Back to school this year brings a new set of questions to our home, primarily because our daughter begins middle school.

While our son navigated the waters successfully, new challenges face this new student ... well, her parents anyway.

Here’s the dilemma: Our sixth grade daughter is a preteen, not quite a teen, and yet feeling those pressures come her way. The pressures on boys and girls are different. The social pressures for our son were definitely different, mostly because he didn’t really care. In fact, that hasn’t really changed.

The social landscape for our daughter is much more difficult to manage, especially in the social media arena. She does not have Instagram, but most of her friends do. The trouble is, like her friends, she is 11. But Instagram has a terms of service agreement says 13 is the minimum age. Thus we have a choice to make. Do we let her get an Instagram account? If so, why?

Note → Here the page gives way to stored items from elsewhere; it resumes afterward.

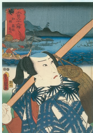
木曾六十九駅 加納 歌川豊国(3代)画 嘉永5年(1852) 岐阜市歴史博物館蔵 展示期間：8月29日(火)～9月24日(日)
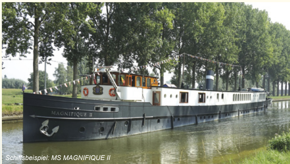
Schiffsbeispiel: MS MAGNIFIQUE II

Brügge - Amsterdam oder Amsterdam - Brügge mit den Premiumschiffen MS MAGNIFIQUE II, III oder IV
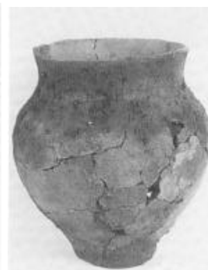
Urn fra kvindegraven.
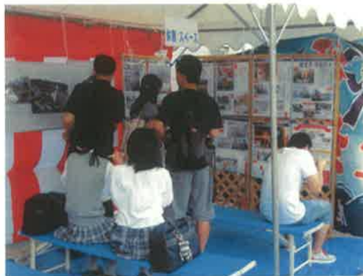
写真パネルを配した休憩スペース
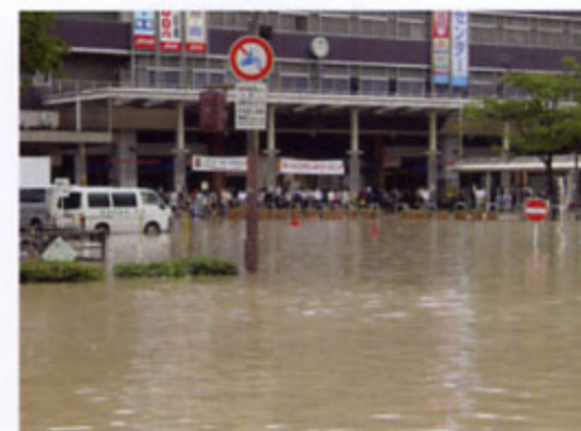
平成15年 福岡市内浸水状況
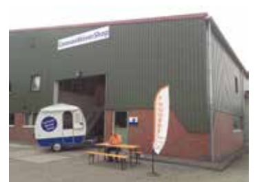
CaravanMoverShop Groningen Hoendiep 174-1 NL-9745 EA Groningen Tel: (+49) 030-88789334 Email: info@CaravanMoverShop.de
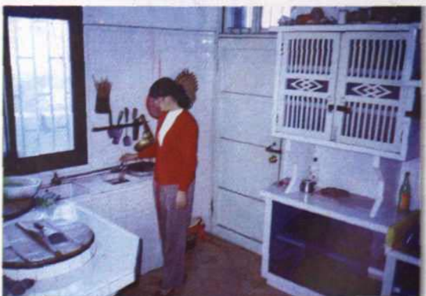
● 全市已有 87% 的农户用上自来水
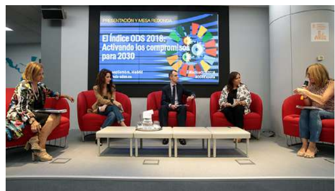
Mesa redonda sobre los avances de la implementación de la Agenda 2030 en España
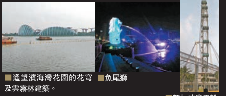
遙望濱海灣花園的花穹及雲霧林建築。
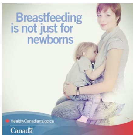
Figure 2. Breastfeeding is not just for newborns

L'affiche Breastfeeding is not just for newborns (figure 2), est emblématique de la sémiologie du lien mère-enfant avec le choix des vêtements identiques, d'une tonalité de bleus, d'une même coupe de cheveu : un allaitement qui illustre les liens d'attachements mais qui rompt avec le discours social et culturel sur l'allaitement. On montre une autre position d'allaitement que celle de « la madone ». La mère ne regarde plus son enfant. Elle nous regarde d'un air confiant. L'enfant doit avoir dans les deux/trois ans, âge à partir duquel on commence à parler du sevrage naturel. Il y a peu de place au cadre situationnel mais une mère et son fils, rompant ainsi avec la théorie freudienne de l'Œdipe et illustrant plutôt la théorie de l'attachement de John Bowlby.
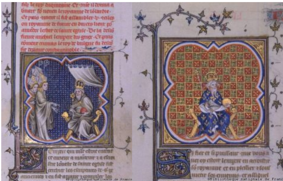
Карл и епископы

Бог, девяносто девять царств создавший, Над всеми ними Францию поставил, Дал в короли Великого ей Карла, А тот ее покрыл нетленной славой. Нет стран на свете, Карлу неподвластных. Он покорил и немцев, и баварцев, Бретонцев, и анжуйцев, и нормандцев, Наваррцев, и тосканцев, и ломбардцев.
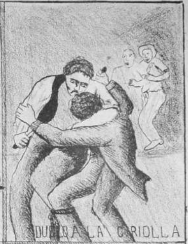
DURO A LA CARIOLLA
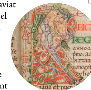
A l'època del nostre relat, un llibre era un objecte de gran luxe i la paraula escrita era desconeguda i irrellevant per la majoria. La producció d'un text era treball d'erudits i la tasca de decorar era d'artistes o pintors. Aquí un escriptor porta un pergamí i ploma dins un marc embellit amb criatures sobrenaturals i grotesques. Tot forma part de la lletra 'R' d'un manuscrit en llatí. [ Fig. 4 ]

El primer anunci de les tribulacions futures arriba amb la fam de 1324-25, que, coincidint amb la mort del rei Sanç, provocà 'commocions' als carrers de Ciutat. Al nord d'Europa, els anys 1316-19 han estat terribles: hiverns i estius de pluja i fred amb collites inexistent, mentre bandes de pagesos: desterrats i miserables, que literalment es moren de gana, vagaven per l'àrea que avui formen França, els Països Baixos i Anglaterra. Al Mediterrani, però, el rumb de la vida continua sent positiu.
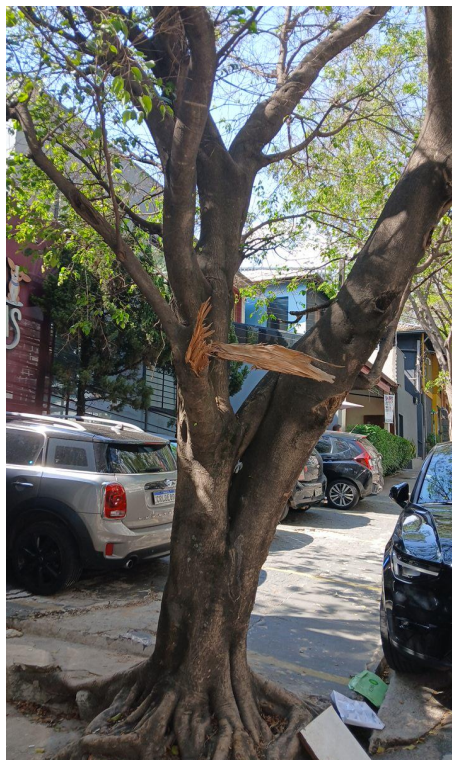
Figura 5 e 6. Registro dos fatores de risco de queda
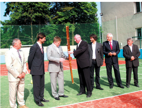
Otvorenie multifunkčného ihriska pri ZŠ Hany Zelinovej
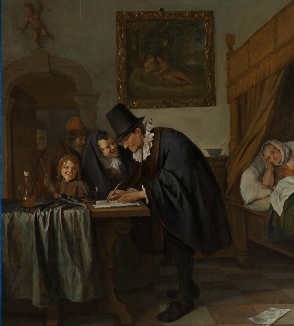
Стен Ян "Визит доктора",
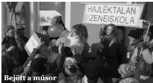
Bejött a műsor
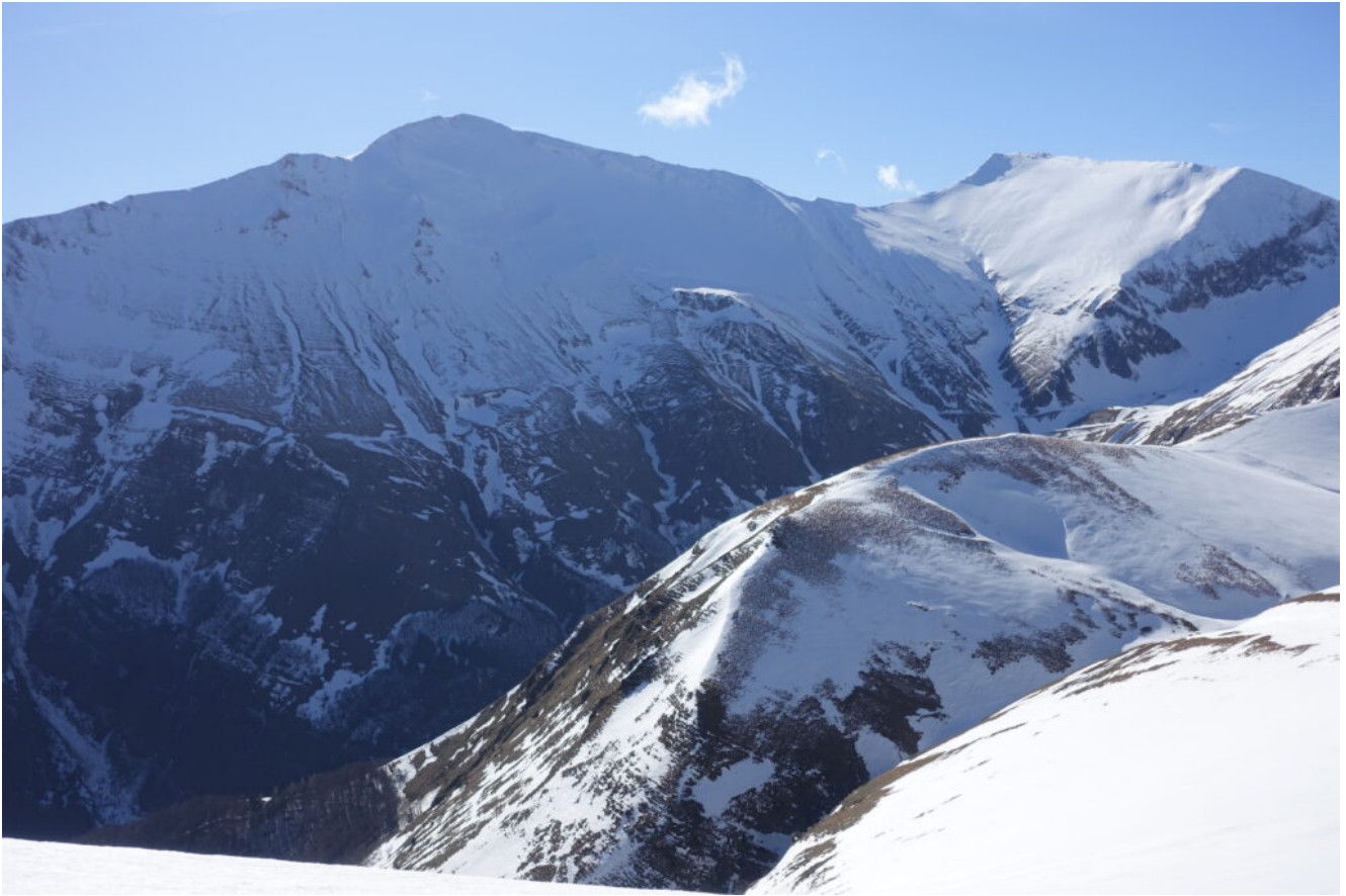
25- Il Pizzo Regina a sinistra e il Pizzo Berro a destra.
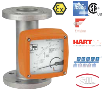
Ganzmetall Schwebekörper Durchflussmesser / zähler

Ausgewählte Produkte aus unserem Programm unter www.kobold.com finden sie die ganze Vielfalt
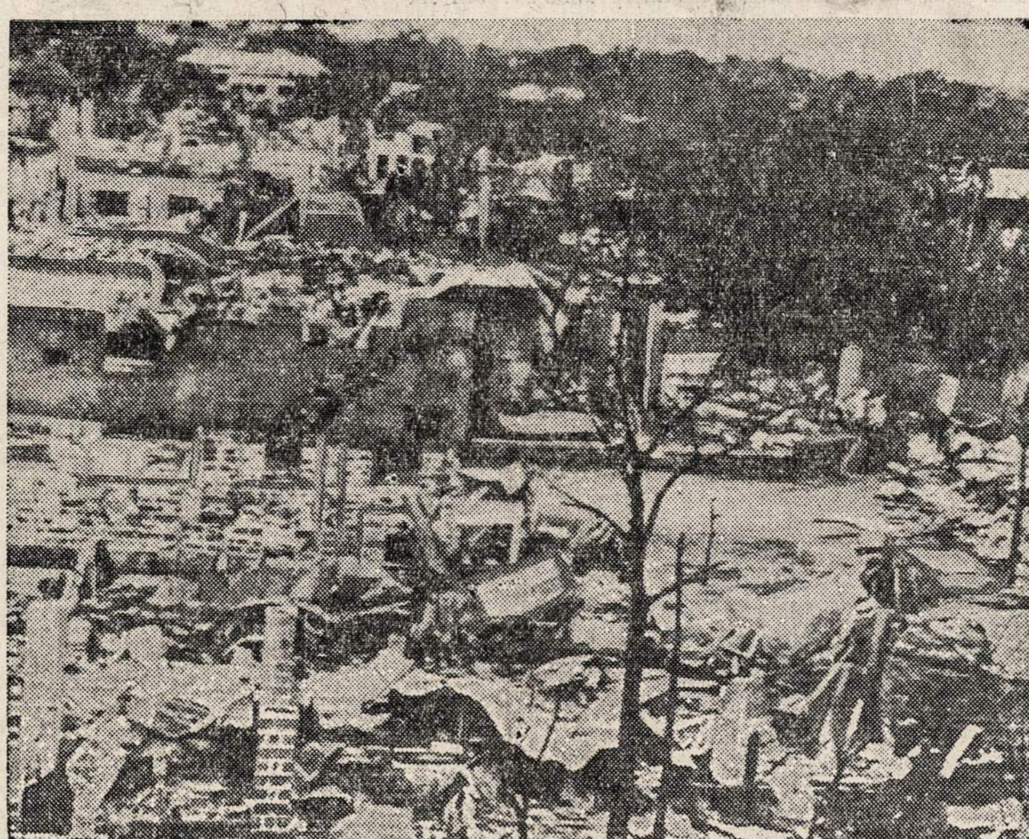
Šiomis dienomis J. V. karo departamentas spūdai perdavė visą eilę fotografijų nuimtų Bataan pusiasaly episkosios kovos metu. Čia matome vieną neįvardintą miestelį, kuris "pasipainiojo" japonams po kojų. Jį priešė aviacija ir kanuočs visiškai sunaikino.

gos mokyklų tarybos prezidentas Cahy pareiškė, kad ateity mokytojai ir mokytojos instruktujas turės imti nuo mokyklų principalų. Mokytojų unija tam pasipriešino. Unijos atstovas nurodo, kad mokytojai ir mokytojos emė instrukcijas laisvu noru, ir labai gali buti, kad jie atsisakys toliau kooperuoti, jeigu p. Cahy spirsis savo užmanymą vykdyti. Nes, sako unijos atstovas, iki šiol darbas ejo sklandžiai be kišimosi principalų; jis gali eiti taip ir toliau.
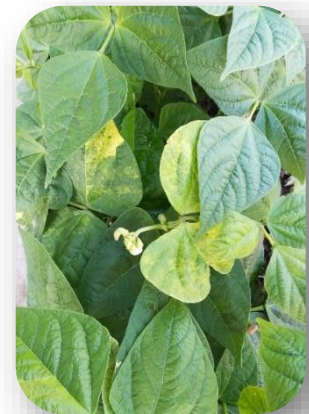
Chimère sur 1 pied de haricot vert

Sur certains végétaux, il n'est pas rare d'observer des décolorations jaunes plus ou moins nettes qui parfois adoptent des formes plus ou moins curieuses. Il s'agit en fait d'anomalie génétique appelée chimère. C'est une maladie d'origine physiologique qui n'affecte pas les autres végétaux.
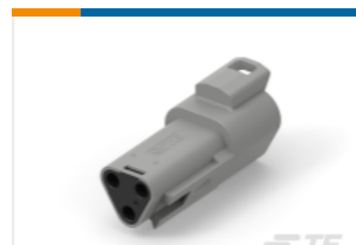
TE 产品编号3-2600026-1 3CCT GREY RECEPT W/LARGE SEAL
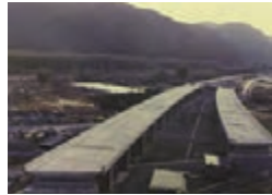
1984-1986 (昭和59年～昭和61年) 山陽自動車道 藤河高架橋工事
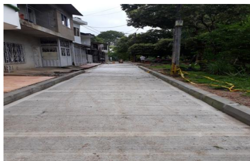
PINOS , Calle 33 con carrera 36 al fondo (Peatonal – Polideportivo)
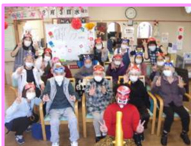
笑顔がこぼれる時間を 大切にします
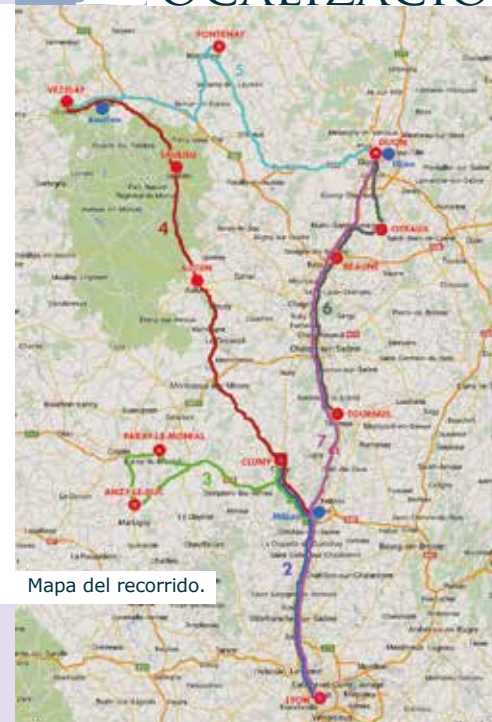
Mapa del recorrido.

On the surface it seems like a fairly cut and dry decision. Instagram says 13. Socially speaking, her friends are connecting and communicating here. She is not part of that conversation.

Feeling socially isolated is hard at any age, but try to remember when you started middle or junior high school. As parents, we decided that we would allow her to have an account. Here is why: By doing so now, with a set of family standards, as parents, we have a better ability to teach her good and safe habits.

Our family standards hold all of us accountable for good social media etiquette. Here are a few topics we included in our discussion of standards:

• What is appropriate to post about self, friends and family?
• How much personal information does our account reveal about us?
• How much time is acceptable to spend staring into screens (whether phone, tablet, TV, etc)?
• What types of friend requests do we accept?

• What happens if someone or something makes us uncomfortable, such as bullying?

Not every family will make the same choice we have, and the intention of this article is not to suggest that you should.

Regardless of when your children become social media users, we should teach them certain standards, ones that we model as well. This was our choice. I’d love to hear comments about how you are making this decision or standards that your family implements.